*TASK TO COMPLETE*:
Take the lines below from the one with "true in require_ssl" through the one with "Serendipity Seoul Academia" and retype them exactly. Include nothing else, and no pictures.

*** Opening RECORDS SHOWN ***

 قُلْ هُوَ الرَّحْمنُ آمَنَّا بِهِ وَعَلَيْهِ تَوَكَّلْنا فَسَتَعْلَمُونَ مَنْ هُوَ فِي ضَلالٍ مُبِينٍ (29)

*** Closing RECORDS SHOWN ***
*** Opening RECORDS SHOWN ***

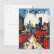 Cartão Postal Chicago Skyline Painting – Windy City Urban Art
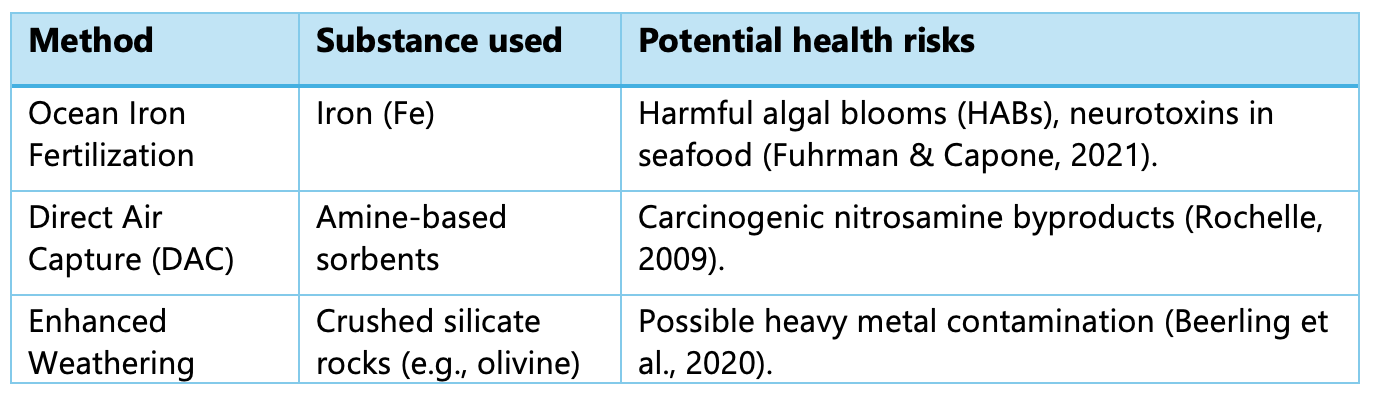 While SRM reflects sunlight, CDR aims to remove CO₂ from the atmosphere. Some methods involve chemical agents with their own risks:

*** Closing RECORDS SHOWN ***
*** Opening RECORDS SHOWN ***

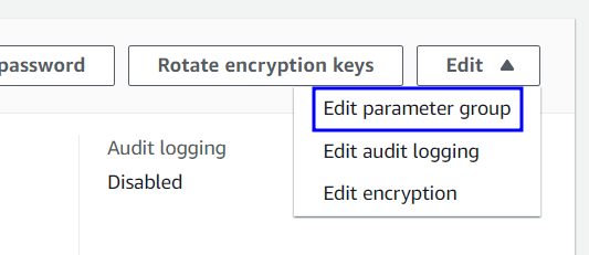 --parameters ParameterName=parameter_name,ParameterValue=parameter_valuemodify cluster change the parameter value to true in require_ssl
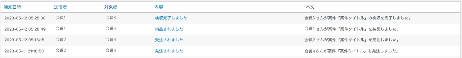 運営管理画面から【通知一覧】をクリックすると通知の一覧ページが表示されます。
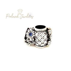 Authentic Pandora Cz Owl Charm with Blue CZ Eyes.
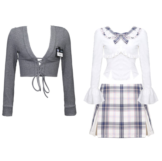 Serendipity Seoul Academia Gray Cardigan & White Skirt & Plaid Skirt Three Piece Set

*** Closing RECORDS SHOWN ***

*ANSWER SECTION*:
 --parameters ParameterName=parameter_name,ParameterValue=parameter_valuemodify cluster change the parameter value to true in require_ssl
 運営管理画面から【通知一覧】をクリックすると通知の一覧ページが表示されます。
 Authentic Pandora Cz Owl Charm with Blue CZ Eyes.
 Serendipity Seoul Academia Gray Cardigan & White Skirt & Plaid Skirt Three Piece Set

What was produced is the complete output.